Dozens of municipal workers swept what rubble they could into shovels, trucks and lorries, watched by armed Iraqi national guardsmen and police.
There was little sign of militiamen still on the streets, despite a US checkpoint set up on the northern side of the cemetery, an AFP reporter said.
But fighting between Sadr's militiamen and US forces has taken a heavy toll. At one makeshift graveyard, residents exhumed the bodies of people they said were militants from Sadr's Mehdi Army and a few civilians. The fighters' names were written on pieces of paper stuffed into small medicine bottles and placed above the graves. They were described as "hero martyrs".
Nevertheless, Daoud admitted Sadr's fighters had not surrendered all their weapons to the authorities, defying one of three conditions laid down by the government for halting its US-backed assault on the militia.
"Most of the Mehdi Army are turning in their weapons but some are keeping them. Disarmament is continuing," Daoud said.
But many fighters have hidden their kalashnikovs rifles at home, and stashed mortars and rocket-propelled grenade launchers in safe houses.
"They will hide their weapons but will not hand them over to the police or to the army," Sadr spokesman Sheikh Ahmed Shaibani told AFP.
"Our fighters are still here. They will be able to go back to their work whilst remaining an army."
Moqtada Sadr hastily evacuated his shrine bastion after submitting late Thursday to Sistani's five-point deal, which stipulated only that Najaf and the adjacent shrine town of Kufa must be emptied of militiamen.
It made no mention of the militia's Baghdad stronghold of Sadr City or of cities in the south where the Mehdi Army has also clashed with foreign troops and Iraqi security forces.

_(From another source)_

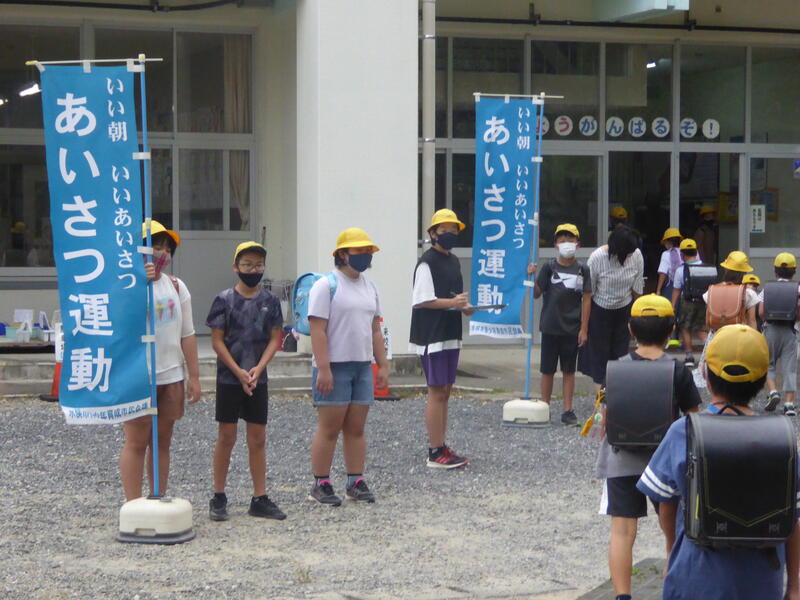 具体的な取組として児童会のみんなが中心となり、朝の「あいさつ運動」をがんばっています。
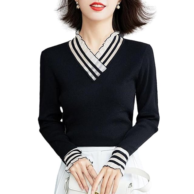 [J-Scott] 【在庫限り】袖衿フリルリブニット シアーフリル 異素材MIX Vネック スリムフィット 長袖 美ライン 上衣 レディースライク 切替え きれいめニット シアー 高見え ロング袖 セミタイト 10部袖 異素材切替 コーディネート ボリュームハイネック リブ オシャレ着 ネック 甘可愛い ストレッチ おとな ボディライン 秋セーター ハイネック ブラック JS98-BK-M | AVENIR

Meanwhile, two French nationals have been taken hostage in Iraq by Islamic militants demanding the rescinding of a ban on the Islamic headscarf in French schools, the Arabic satellite news channel Al-Jazeera reported on Saturday.
The kidnappers from the Islamic Army in Iraq, the same group which killed Italian journalist Enzo Baldoni after taking him hostage, gave Paris a 48-hour ultimatum to meet its demands, the Qatar-based television said citing "our own sources in Iraq".